Background. From its beginning in 1998, New Dominion, L.L.C. (NDL) has been focused on producing high-water-saturation reservoirs, such as the Hunton limestone in central Oklahoma. The Hunton is quite heterogeneous, producing by partial water drive. Except for selected wells on structural highs, wells encounter thick, but typically high-water-saturation zones. Wells in this environment had been conventionally produced and typically abandoned, or bypassed entirely, because of high water production and the economic factors associated with the same.

However, New Dominion’s experience has proven that systematic dewatering of the entire reservoir, not just individual wells, results in synergistic interaction among wells, leading to decreasing water:oil ratio (WOR) as field development occurs.

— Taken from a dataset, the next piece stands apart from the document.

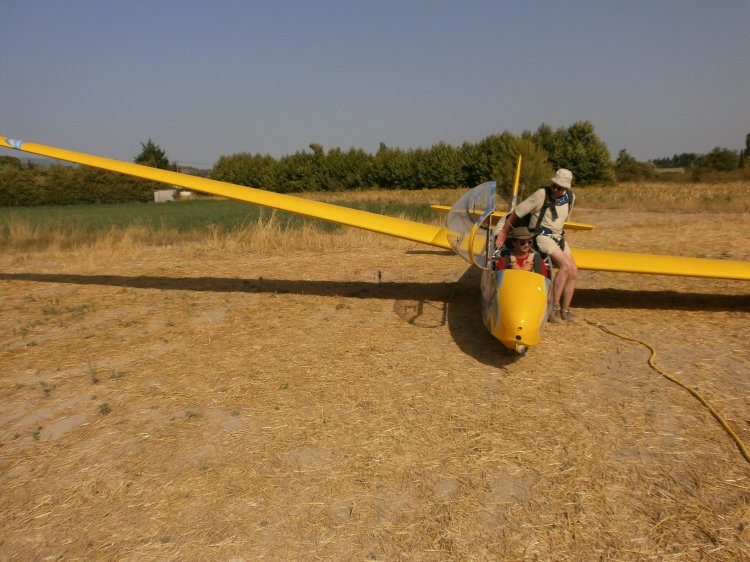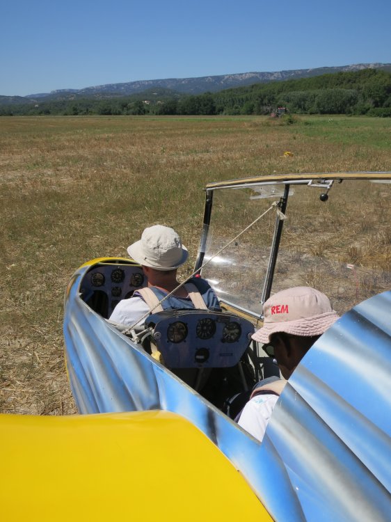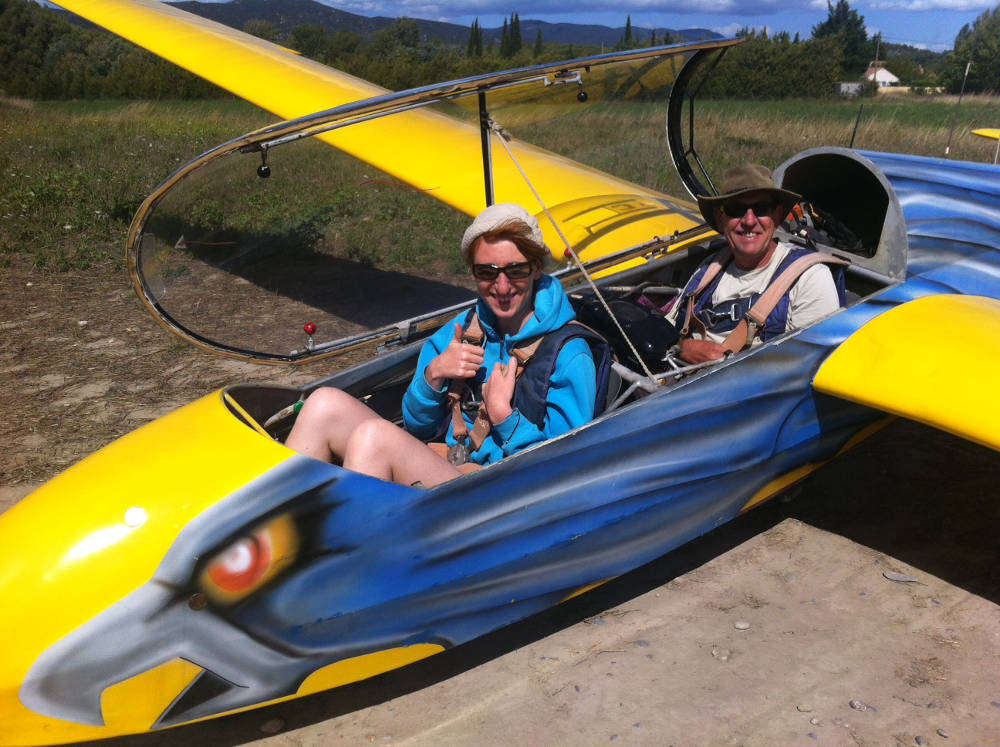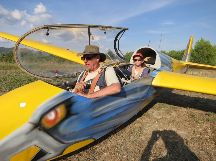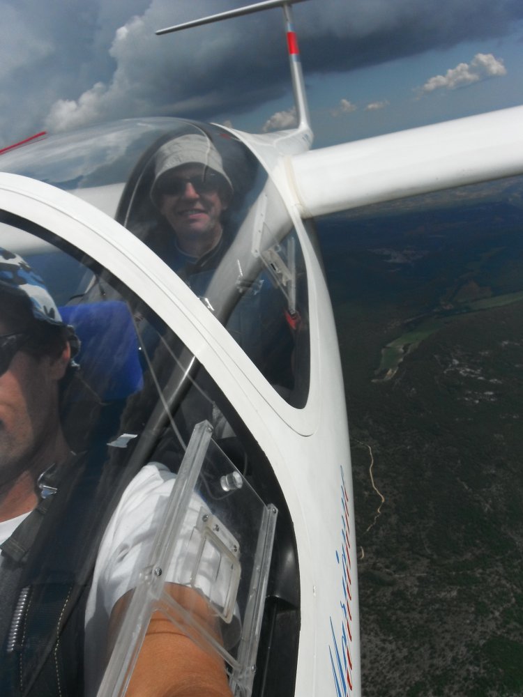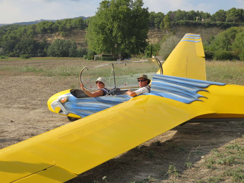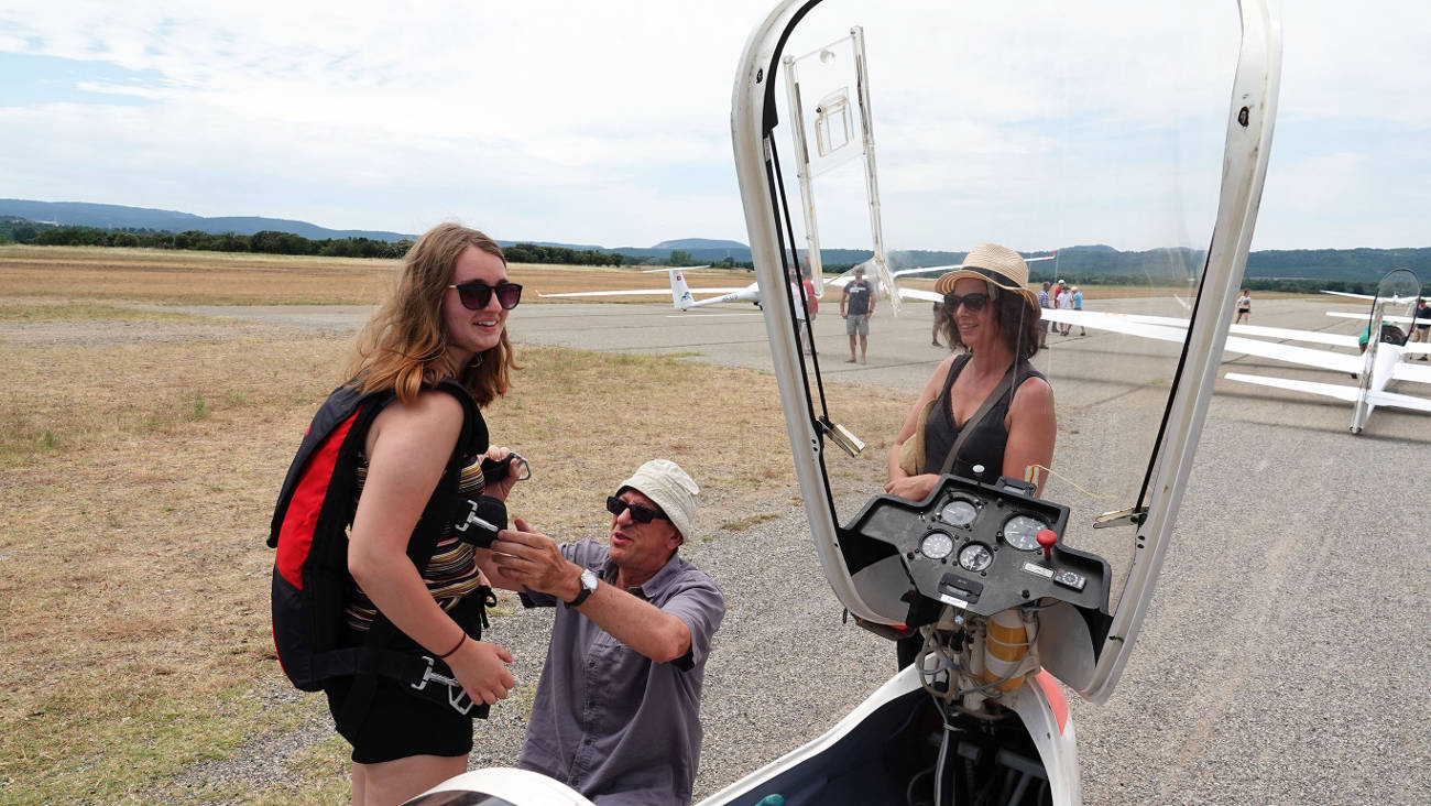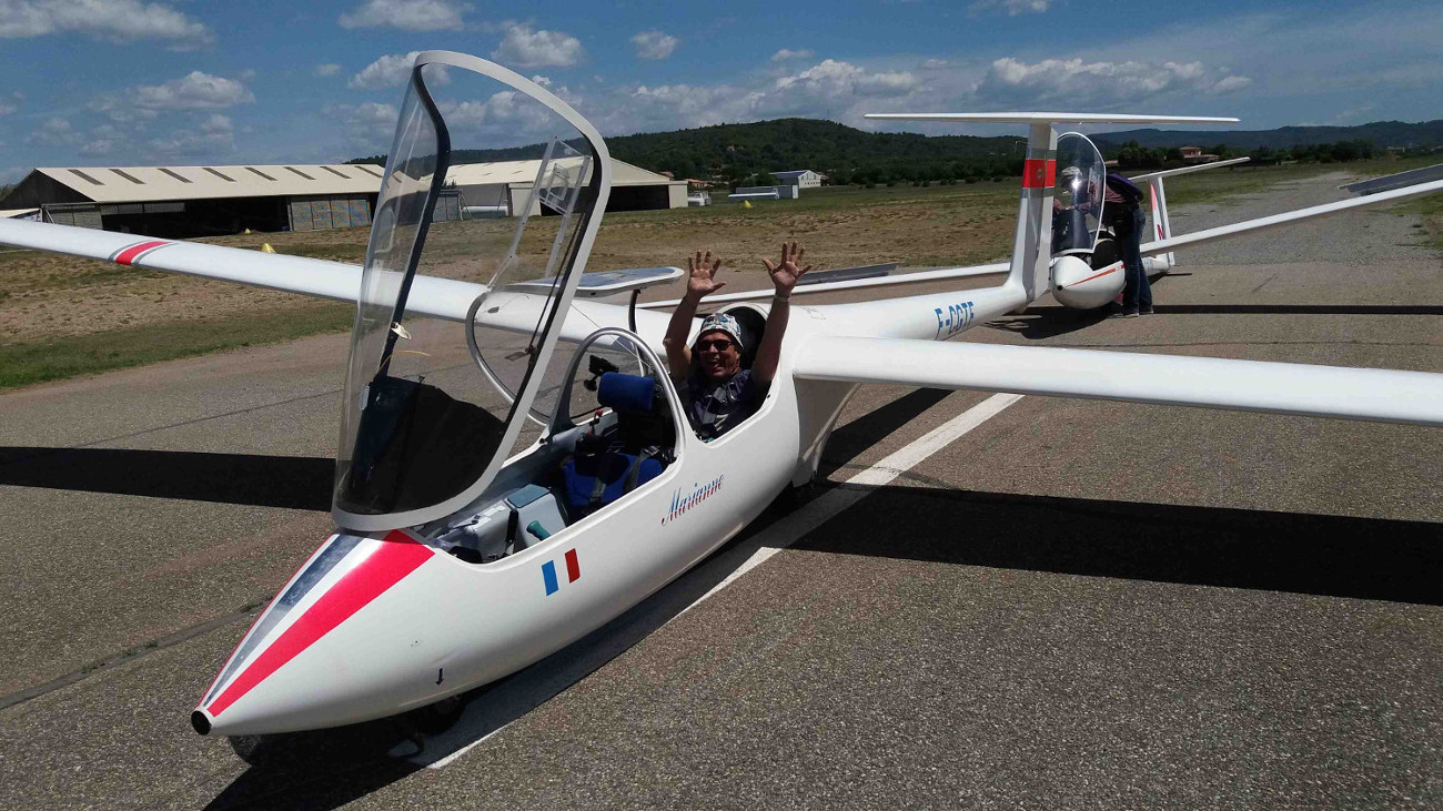 Une chaude journée ce 22 juillet. Marion et Benjamin sont venus à Vinon pour leur 1er vol en planeur. Une belle expérience pour chacun d'eux ; ils ont volé pendant une heure au dessus des basses gorges du Verdon et sur le Luberon. Marion a même expérimenté les prémices du pilotage en prenant les commandes de Manosque à l'étang de la Bonde.

Development of new reserves in this environment requires the following six essential components:

  • Correct geological assessment of the reservoir
  • Abundant and economic high-current, three-phase electrical power
  • A high-volume gas gathering and processing system, which is often nonexistent in the areas around these types of reservoirs.
  • An extensive and economic high-volume produced water disposal system
  • A large front-end capital investment to assure that enough wells are drilled in the initial phase to effect the synergistic interaction among the wells, which causes the producing water:oil ratio (WOR) to decrease markedly as field development continues
  • A well-trained and knowledgeable field staff to safely maintain a highly loaded and challenged mechanical system.

NDL installs all of the electrical, production water, gas and even oil distribution and collection infrastructure in advance of drilling production wells, which can produce up to 6,000 bfpd per well. Once initial production is established, NDL begins an intensive and systematic development drilling program to systematically dewater and produce the entire reservoir.

Identifying the reservoir. Fig. 1 depicts a portion of a field NDL developed in Lincoln County, Okla. This small area (4,800 acres) had experienced sporadic drilling over 30 years, which resulted in 31 penetrations of the Hunton limestone. Conventional production methods before New Dominion’s efforts had yielded only 37,552 bbl of oil and 482,901 Mcf of gas.

Fig 1

Fig. 1. This small, 4,800-ac area had yielded only 37,552 bbl of oil and 482,901 Mcf of gas. But after drilling or re-entering 28 wells and implementing a dewatering program, the operator developed proven recoverable reserves of 2.2 million bbl of oil and 16.2 Bcf of gas.

The operator re-analyzed the well data and, in less than two years, drilled or re-entered 28 new Hunton producers, thus developing proven recoverable reserves of 2.2 million bbl of oil and 16.2 Bcf of high-Btu gas. The field is still undergoing development and total reserves are expected to increase.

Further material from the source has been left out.